Copy exactly the lines of the material below that fall between the line with "- Scambiatore di" and the line with "Lovely Casual Bandage", both of those lines included; pictures stay out.

▸ **Working data**:

====

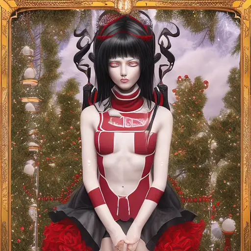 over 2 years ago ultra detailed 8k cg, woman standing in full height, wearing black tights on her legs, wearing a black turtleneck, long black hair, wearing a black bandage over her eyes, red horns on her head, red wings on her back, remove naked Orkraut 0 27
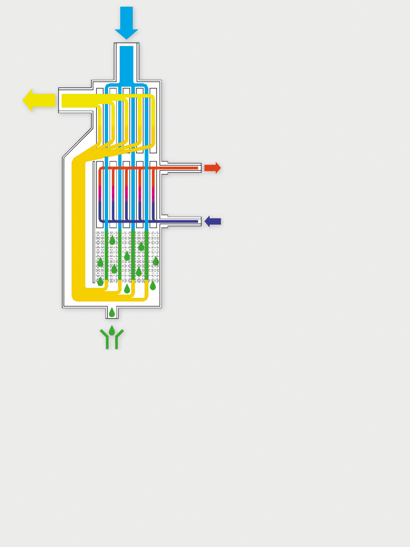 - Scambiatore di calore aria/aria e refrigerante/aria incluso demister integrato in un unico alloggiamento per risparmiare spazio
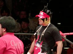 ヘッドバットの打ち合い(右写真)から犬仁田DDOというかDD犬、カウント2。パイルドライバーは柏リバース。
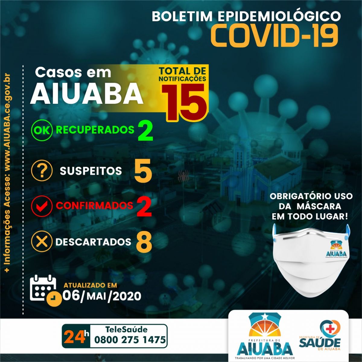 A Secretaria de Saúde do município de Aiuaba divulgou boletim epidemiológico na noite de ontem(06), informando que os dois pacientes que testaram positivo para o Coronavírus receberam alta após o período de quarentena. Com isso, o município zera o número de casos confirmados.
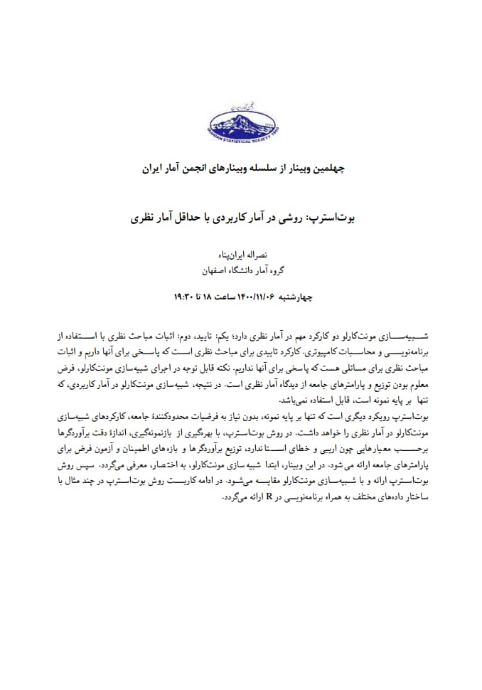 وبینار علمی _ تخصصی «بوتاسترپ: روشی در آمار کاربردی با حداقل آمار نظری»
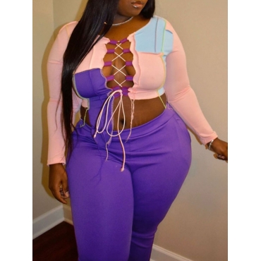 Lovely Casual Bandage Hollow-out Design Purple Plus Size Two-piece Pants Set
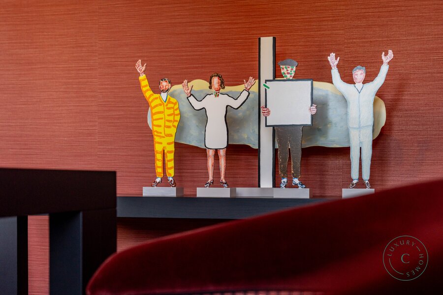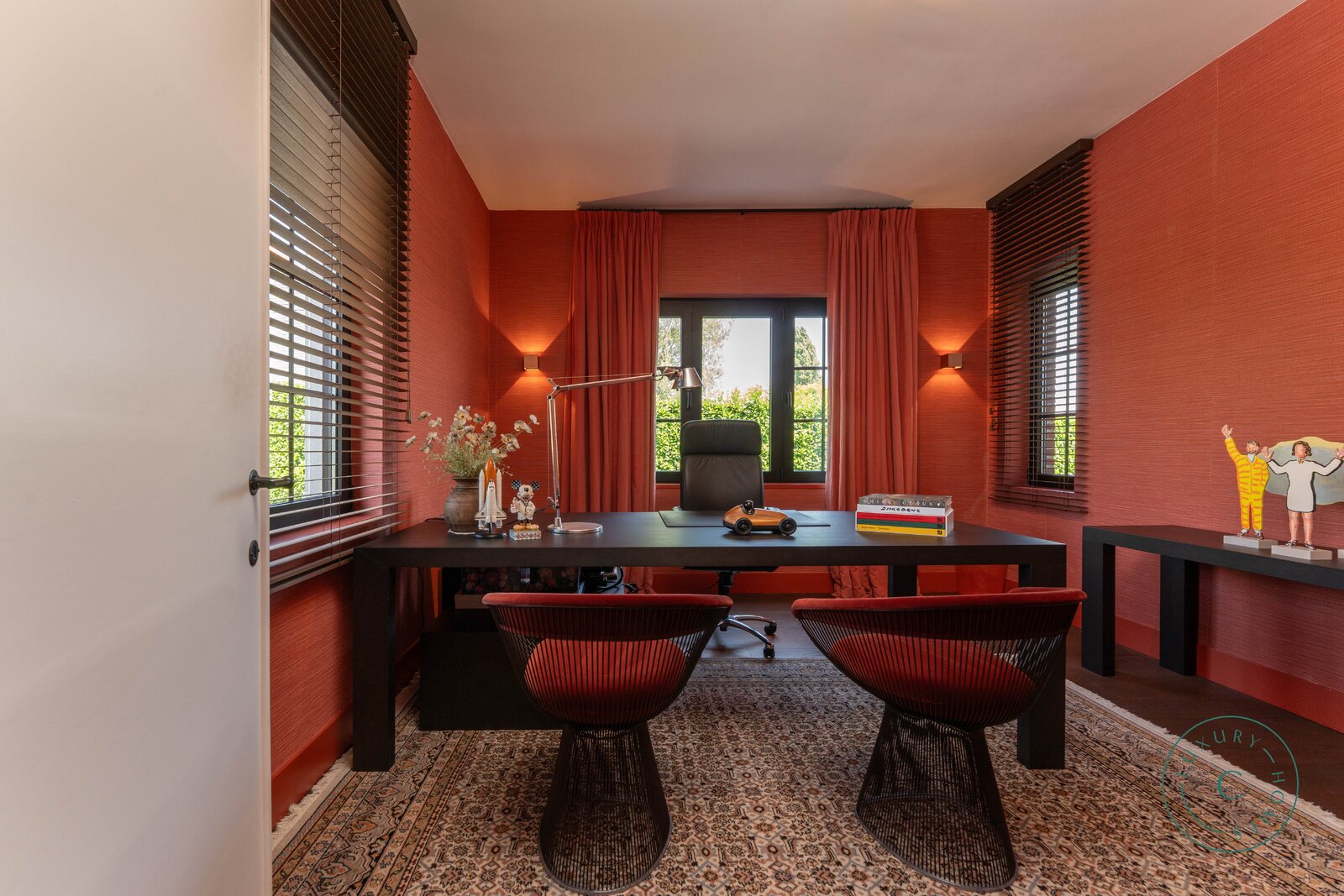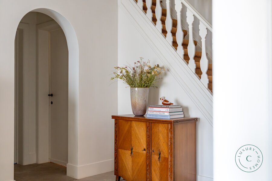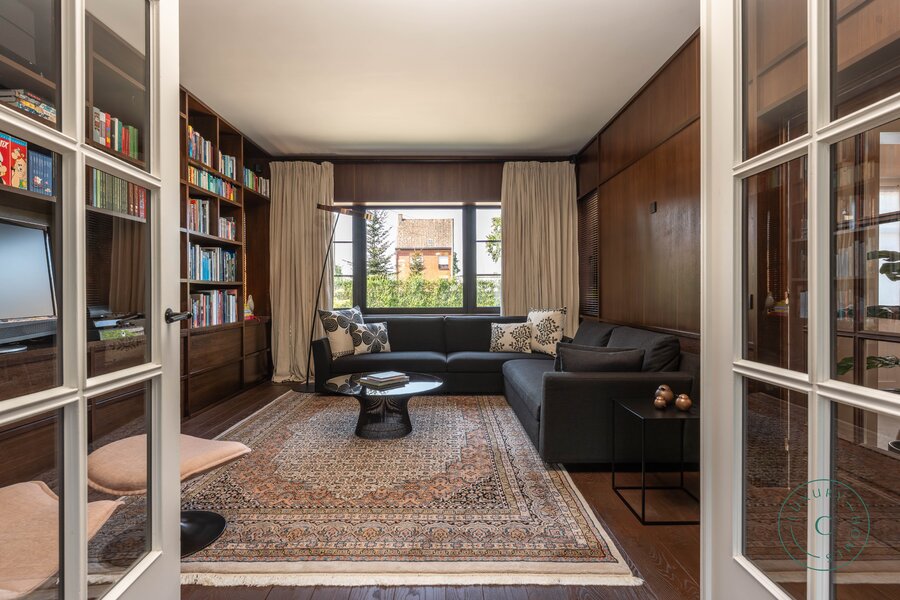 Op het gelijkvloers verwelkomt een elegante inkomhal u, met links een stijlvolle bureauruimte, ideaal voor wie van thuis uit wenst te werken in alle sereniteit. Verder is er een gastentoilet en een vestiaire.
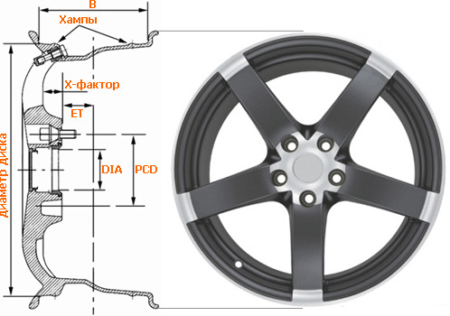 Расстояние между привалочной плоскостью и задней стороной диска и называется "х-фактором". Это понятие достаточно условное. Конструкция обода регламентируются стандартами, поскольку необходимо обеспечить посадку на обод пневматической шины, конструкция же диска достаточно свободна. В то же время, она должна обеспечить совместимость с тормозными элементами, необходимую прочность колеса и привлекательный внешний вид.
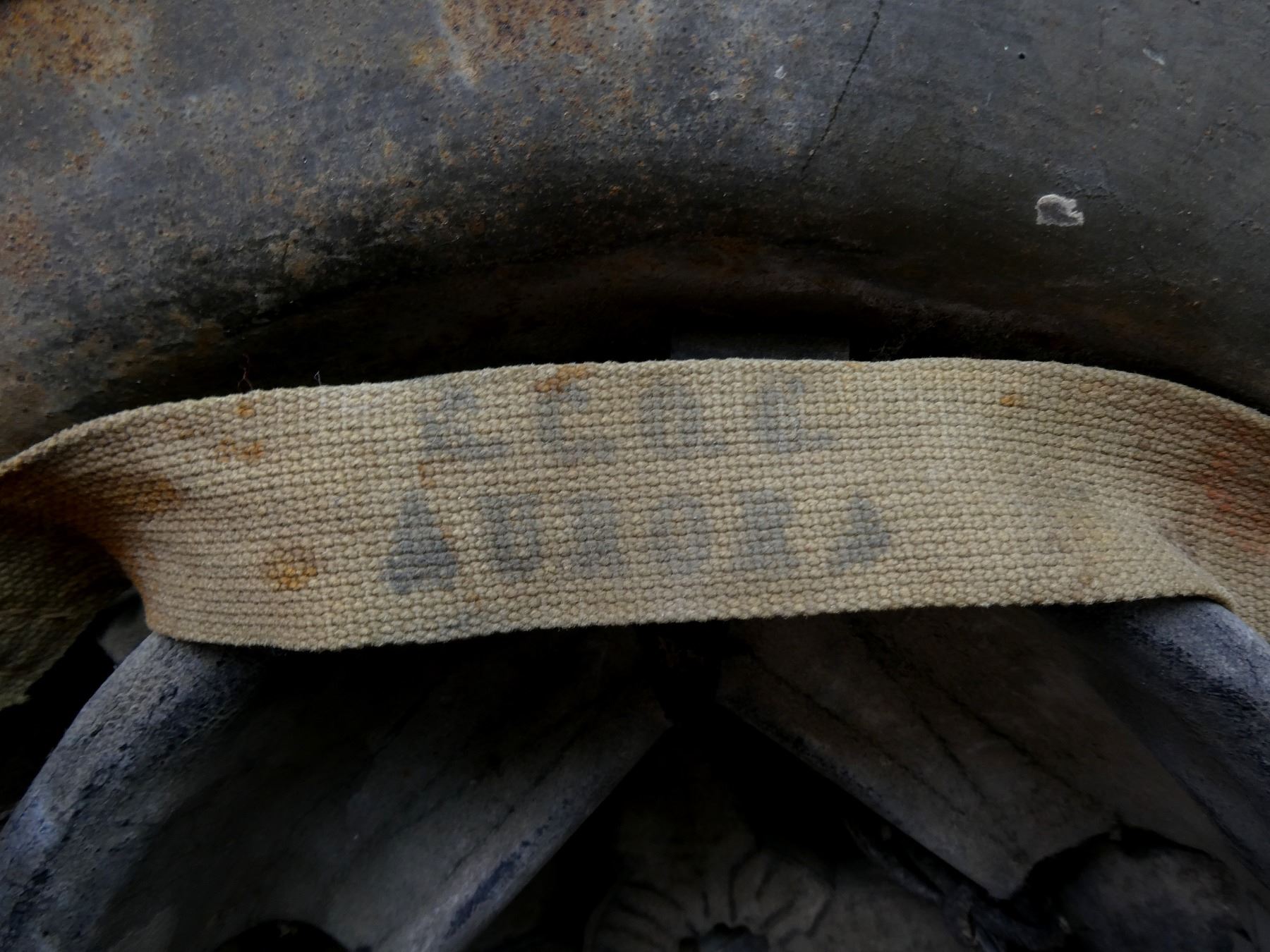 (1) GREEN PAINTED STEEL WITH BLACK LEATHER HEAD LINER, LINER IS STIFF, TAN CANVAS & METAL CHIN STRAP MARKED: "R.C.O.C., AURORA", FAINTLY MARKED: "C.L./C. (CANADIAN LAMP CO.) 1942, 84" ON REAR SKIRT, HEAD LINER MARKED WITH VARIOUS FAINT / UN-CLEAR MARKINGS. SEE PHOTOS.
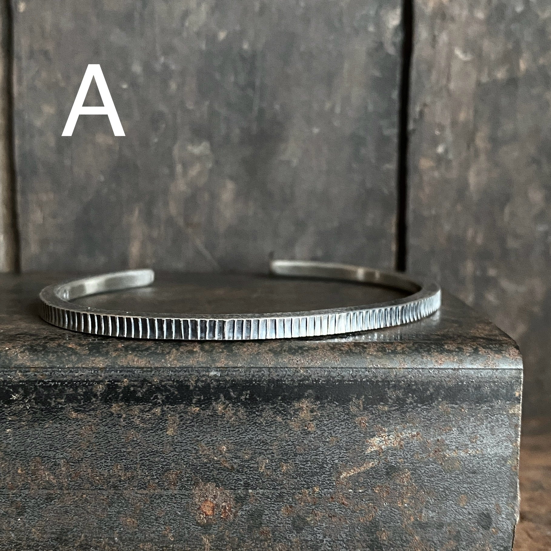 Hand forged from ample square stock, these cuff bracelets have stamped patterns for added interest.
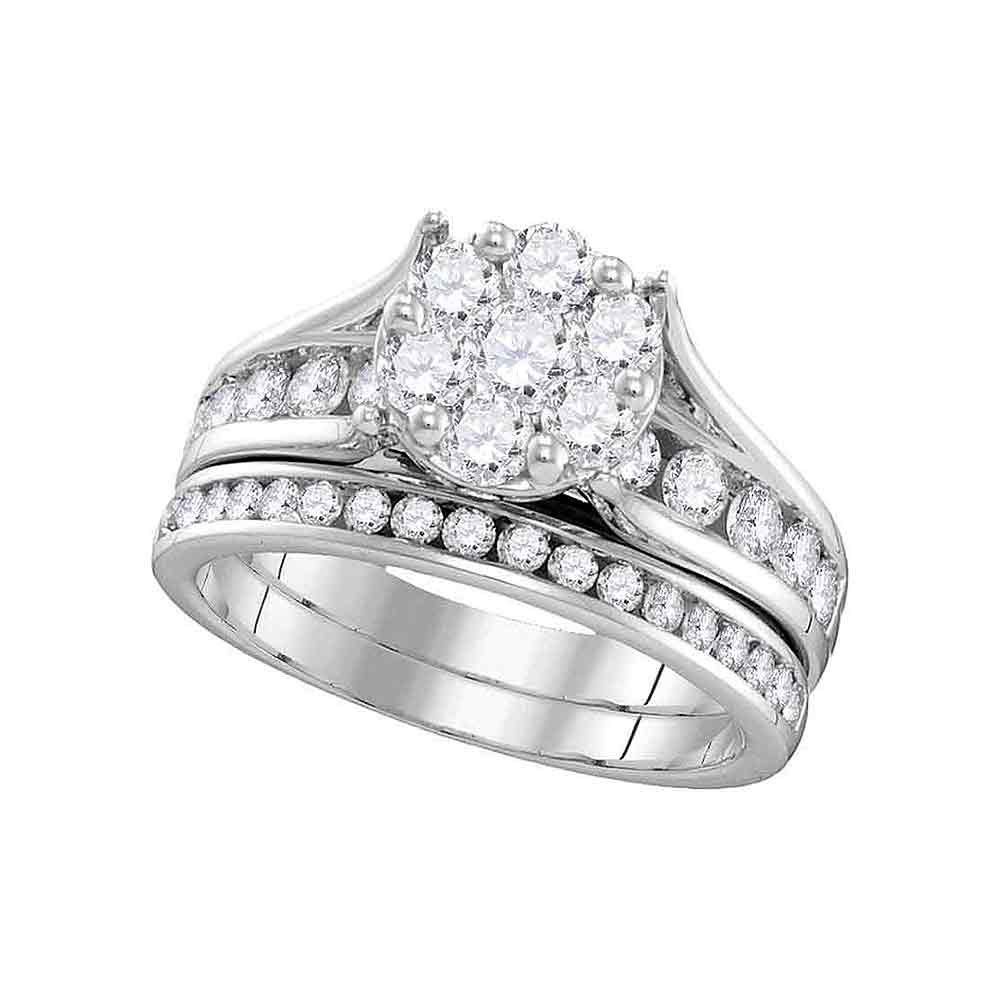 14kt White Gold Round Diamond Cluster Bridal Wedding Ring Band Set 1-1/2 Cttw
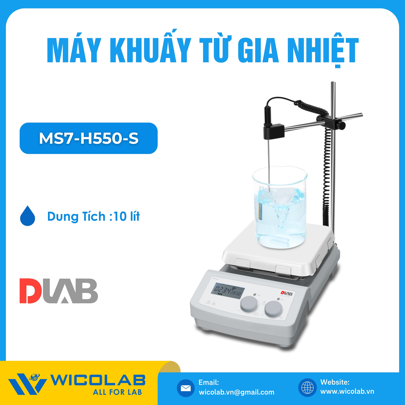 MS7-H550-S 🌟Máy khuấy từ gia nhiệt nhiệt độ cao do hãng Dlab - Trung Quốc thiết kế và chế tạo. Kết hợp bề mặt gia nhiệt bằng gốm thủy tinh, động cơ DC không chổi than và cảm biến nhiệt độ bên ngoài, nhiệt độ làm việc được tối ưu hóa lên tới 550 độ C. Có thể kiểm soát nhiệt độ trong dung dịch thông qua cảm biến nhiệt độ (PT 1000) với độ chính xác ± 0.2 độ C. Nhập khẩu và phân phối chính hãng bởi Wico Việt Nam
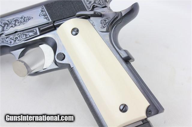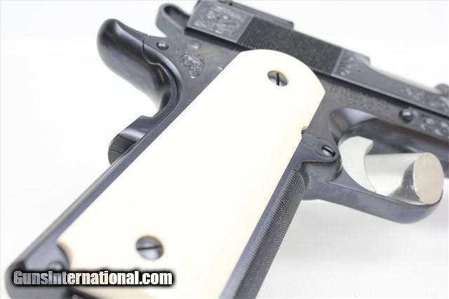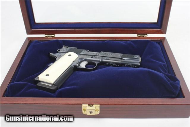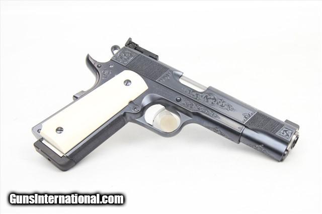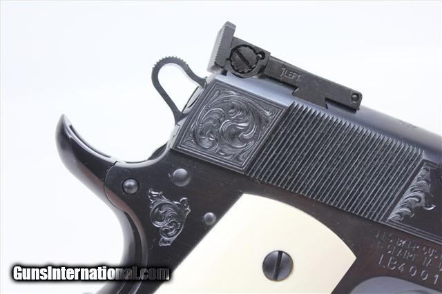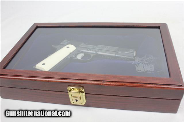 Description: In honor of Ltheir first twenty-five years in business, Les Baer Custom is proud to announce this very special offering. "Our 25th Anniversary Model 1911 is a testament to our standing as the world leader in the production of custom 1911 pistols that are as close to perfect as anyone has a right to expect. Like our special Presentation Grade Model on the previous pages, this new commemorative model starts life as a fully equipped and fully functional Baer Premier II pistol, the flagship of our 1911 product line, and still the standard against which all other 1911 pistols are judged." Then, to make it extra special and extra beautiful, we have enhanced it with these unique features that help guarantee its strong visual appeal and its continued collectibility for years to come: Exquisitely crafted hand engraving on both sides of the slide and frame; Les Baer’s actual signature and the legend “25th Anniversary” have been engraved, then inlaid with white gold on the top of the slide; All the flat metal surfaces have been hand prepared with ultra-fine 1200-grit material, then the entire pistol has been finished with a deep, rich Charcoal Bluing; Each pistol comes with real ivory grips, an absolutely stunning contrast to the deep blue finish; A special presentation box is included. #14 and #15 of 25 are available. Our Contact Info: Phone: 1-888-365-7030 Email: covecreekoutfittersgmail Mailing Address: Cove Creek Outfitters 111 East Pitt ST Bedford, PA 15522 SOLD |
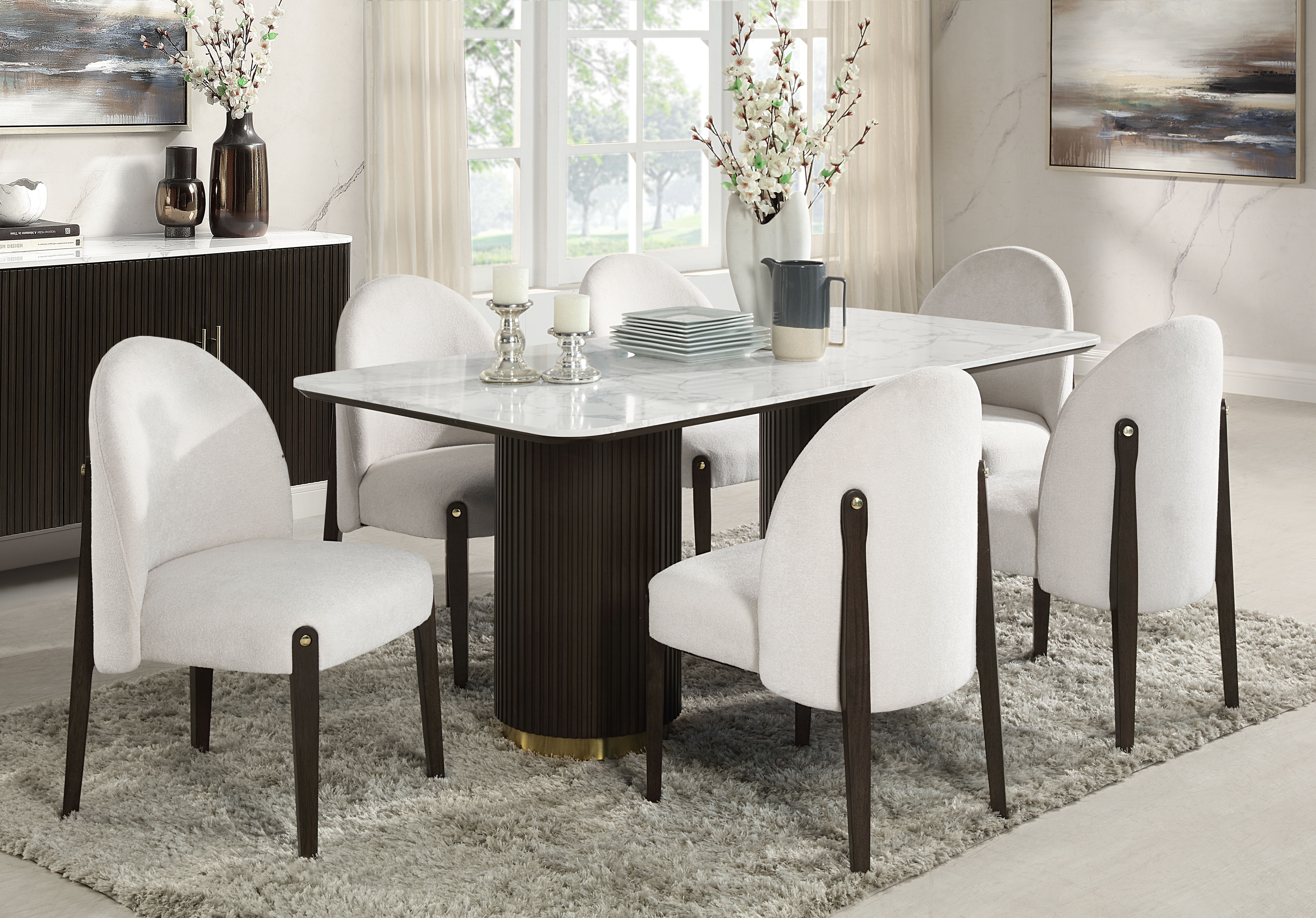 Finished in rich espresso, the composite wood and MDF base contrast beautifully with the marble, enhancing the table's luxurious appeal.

====

▸ **Solution below**:
 - Scambiatore di calore aria/aria e refrigerante/aria incluso demister integrato in un unico alloggiamento per risparmiare spazio
 ヘッドバットの打ち合い(右写真)から犬仁田DDOというかDD犬、カウント2。パイルドライバーは柏リバース。
 A Secretaria de Saúde do município de Aiuaba divulgou boletim epidemiológico na noite de ontem(06), informando que os dois pacientes que testaram positivo para o Coronavírus receberam alta após o período de quarentena. Com isso, o município zera o número de casos confirmados.
 وبینار علمی _ تخصصی «بوتاسترپ: روشی در آمار کاربردی با حداقل آمار نظری»
 Lovely Casual Bandage Hollow-out Design Purple Plus Size Two-piece Pants Set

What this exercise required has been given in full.